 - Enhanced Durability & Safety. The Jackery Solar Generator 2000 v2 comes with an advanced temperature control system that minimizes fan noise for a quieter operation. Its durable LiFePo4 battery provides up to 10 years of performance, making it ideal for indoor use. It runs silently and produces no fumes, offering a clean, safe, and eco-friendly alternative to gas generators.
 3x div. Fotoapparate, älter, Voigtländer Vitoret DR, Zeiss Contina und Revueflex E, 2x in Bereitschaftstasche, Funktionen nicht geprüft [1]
+-------+
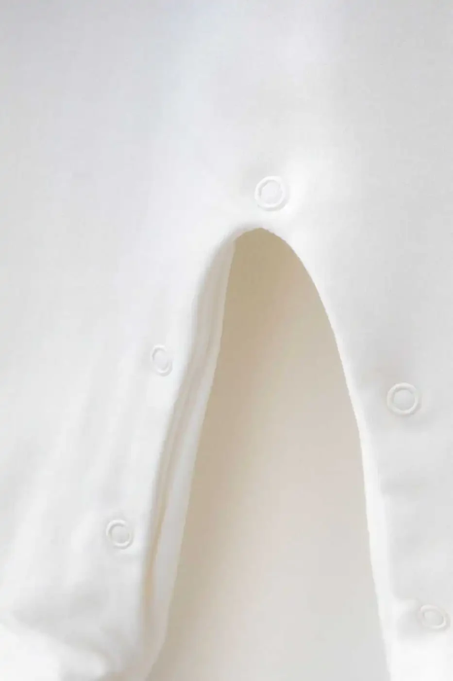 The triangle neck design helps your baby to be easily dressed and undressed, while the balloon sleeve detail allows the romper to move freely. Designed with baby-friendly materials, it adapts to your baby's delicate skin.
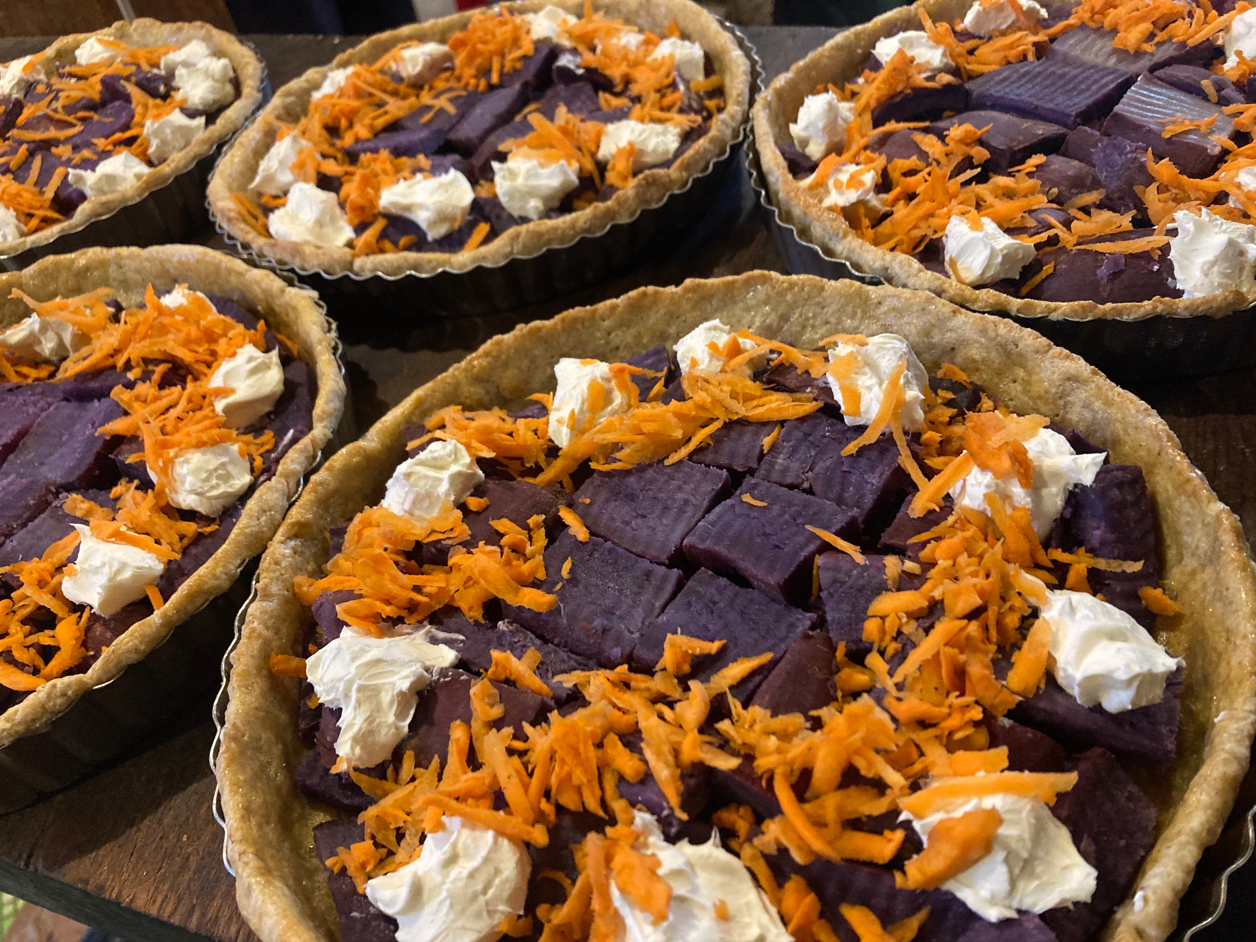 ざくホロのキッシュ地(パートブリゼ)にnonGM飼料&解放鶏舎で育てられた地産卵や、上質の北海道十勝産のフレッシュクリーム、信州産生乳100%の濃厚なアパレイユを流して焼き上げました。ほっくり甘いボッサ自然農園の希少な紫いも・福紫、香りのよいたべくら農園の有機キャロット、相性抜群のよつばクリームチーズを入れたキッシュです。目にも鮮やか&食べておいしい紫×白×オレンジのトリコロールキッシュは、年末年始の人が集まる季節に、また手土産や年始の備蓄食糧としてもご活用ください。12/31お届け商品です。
+-------+
Task details:
Print from the line containing "The triangle neck" through the line containing "ざくホロのキッシュ地(パート" in the data above, exactly as the lines stand, and omit every picture.

Output for this exercise:
 The triangle neck design helps your baby to be easily dressed and undressed, while the balloon sleeve detail allows the romper to move freely. Designed with baby-friendly materials, it adapts to your baby's delicate skin.
 ざくホロのキッシュ地(パートブリゼ)にnonGM飼料&解放鶏舎で育てられた地産卵や、上質の北海道十勝産のフレッシュクリーム、信州産生乳100%の濃厚なアパレイユを流して焼き上げました。ほっくり甘いボッサ自然農園の希少な紫いも・福紫、香りのよいたべくら農園の有機キャロット、相性抜群のよつばクリームチーズを入れたキッシュです。目にも鮮やか&食べておいしい紫×白×オレンジのトリコロールキッシュは、年末年始の人が集まる季節に、また手土産や年始の備蓄食糧としてもご活用ください。12/31お届け商品です。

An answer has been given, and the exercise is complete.